Further, the small-scale fracture is divided into data sets. Different data sets have different crack generation parameters and different properties, so that the multi-scale crack network is characterized. The intensity D of the cracks in the data set can be calculated according to the number of the cracks in different data sets s The calculation formula is as follows:
wherein the method comprises the steps ofN is the number of cracks in the crack set i mi N for the number of all small cracks se To divide the number of data sets.
Finally, the angle for each small crack is generated by a Gaussian distribution function with an average value ofVariance is sigma i The small-scale fracture parameters can be combined according to actual custom settings.
Step 4: and combining the large-scale cracks and the small-scale cracks to establish a crack network structure.

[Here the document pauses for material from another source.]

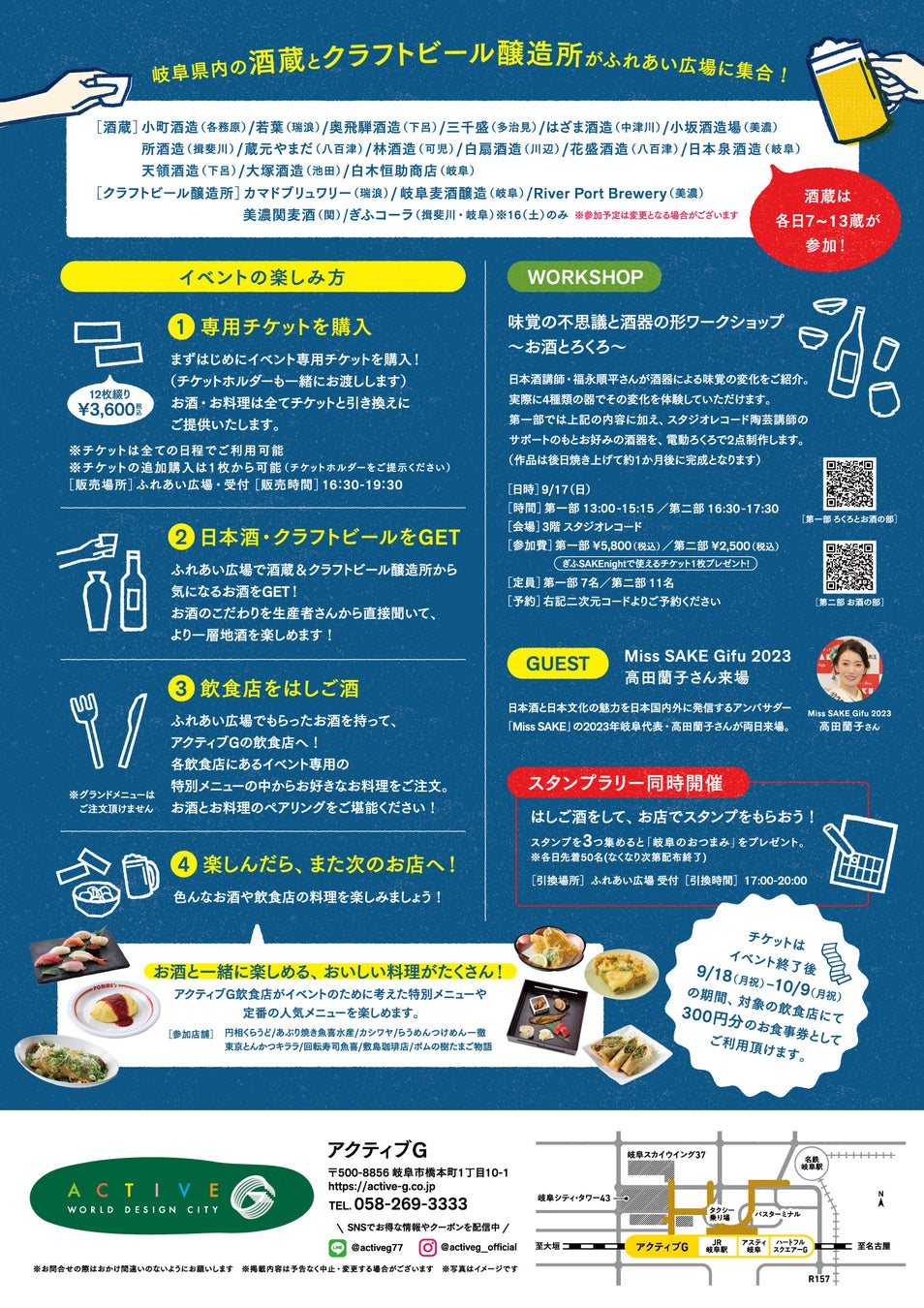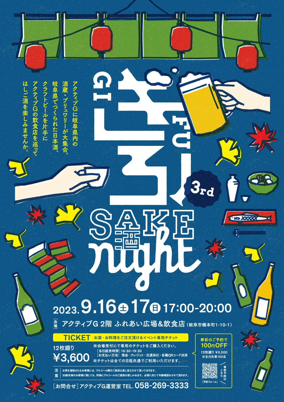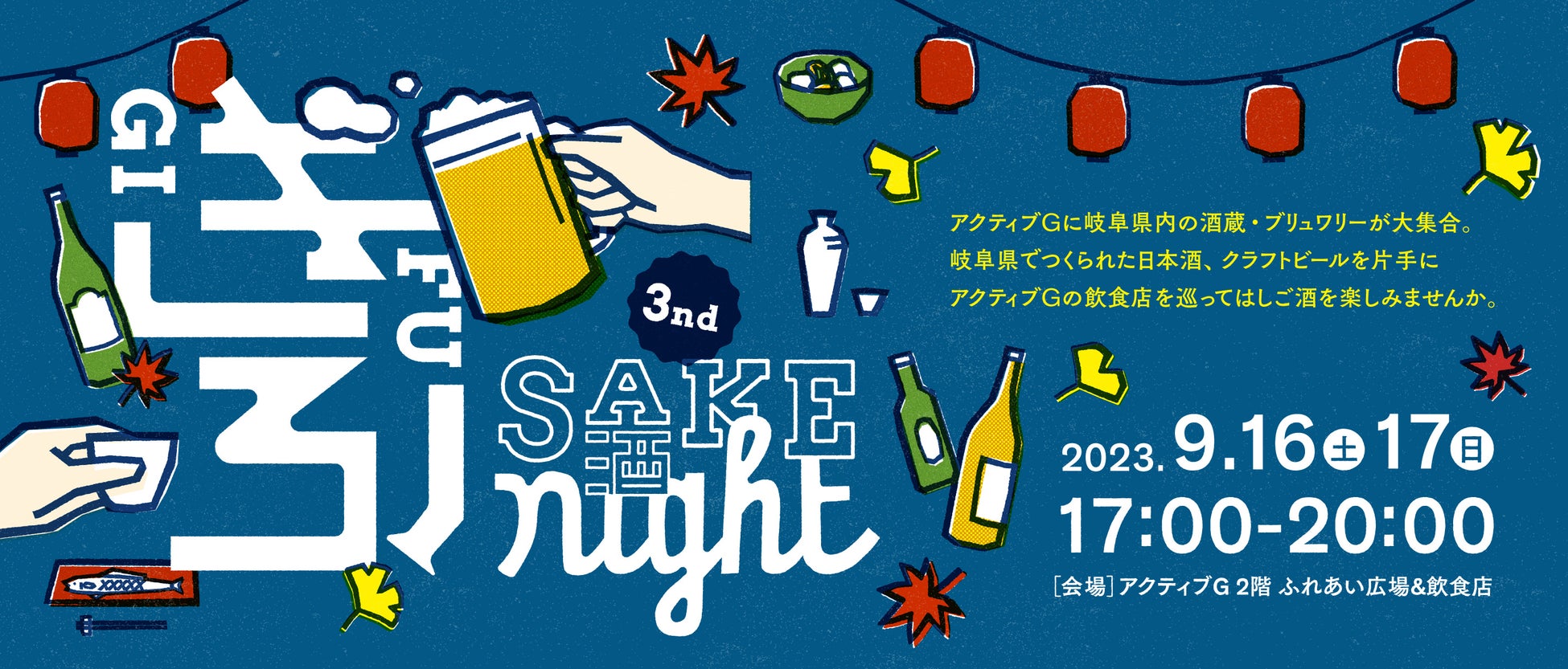 アクティブGでは、2023年9月16日(土)・17日(日)の2日間、岐阜県の地酒・クラフトビールと飲食店の料理を堪能できるイベント『ぎふSAKE night 3rd』を開催いたします。

Combining large-scale crack and small-scale crack parameters to form a crack network structure, and expressing the parameters of the crack network structure as:
m={m 1 ,m 2 }
numerical simulations were performed using an embedded discrete fracture network model (EDFM) according to parameters of the fracture network.
Step 5: an improved proxy assisted collaborative population optimization algorithm is established.
The agent assisted collaborative population optimization algorithm (SACOSO) is an evolution algorithm based on a data driver, the algorithm based on the data driver can accelerate convergence, the calculation cost is reduced, and the SACOSO algorithm is suitable for the optimization problem of 50-100 dimensions. The traditional SACOSO algorithm solves the objective function through the synergistic effect of two particle swarm optimization algorithms, one is a particle swarm optimization algorithm based on an adaptive evaluation strategy, and the other is a particle swarm optimization algorithm based on a radial basis function. The synergistic effect of the two algorithms can balance the search effect of the evolutionary algorithm.
The specific process is as follows:
1) Combining a particle swarm optimization algorithm with fitness value evaluation, wherein the fitness value evaluation needs to combine the numerical simulation in the step 4, update iteration and find an optimal solution;
2) The data in the first step of algorithm searching process is formed into a sample set, and a proxy model of a radial basis function is trained;
3) Combining a particle swarm optimization algorithm with a radial basis function proxy model evaluation, updating iteration to find an optimal solution, and guiding the searching process in the first step by the optimal solution;
4) Repeating the above 1-3 processes until the algorithm converges.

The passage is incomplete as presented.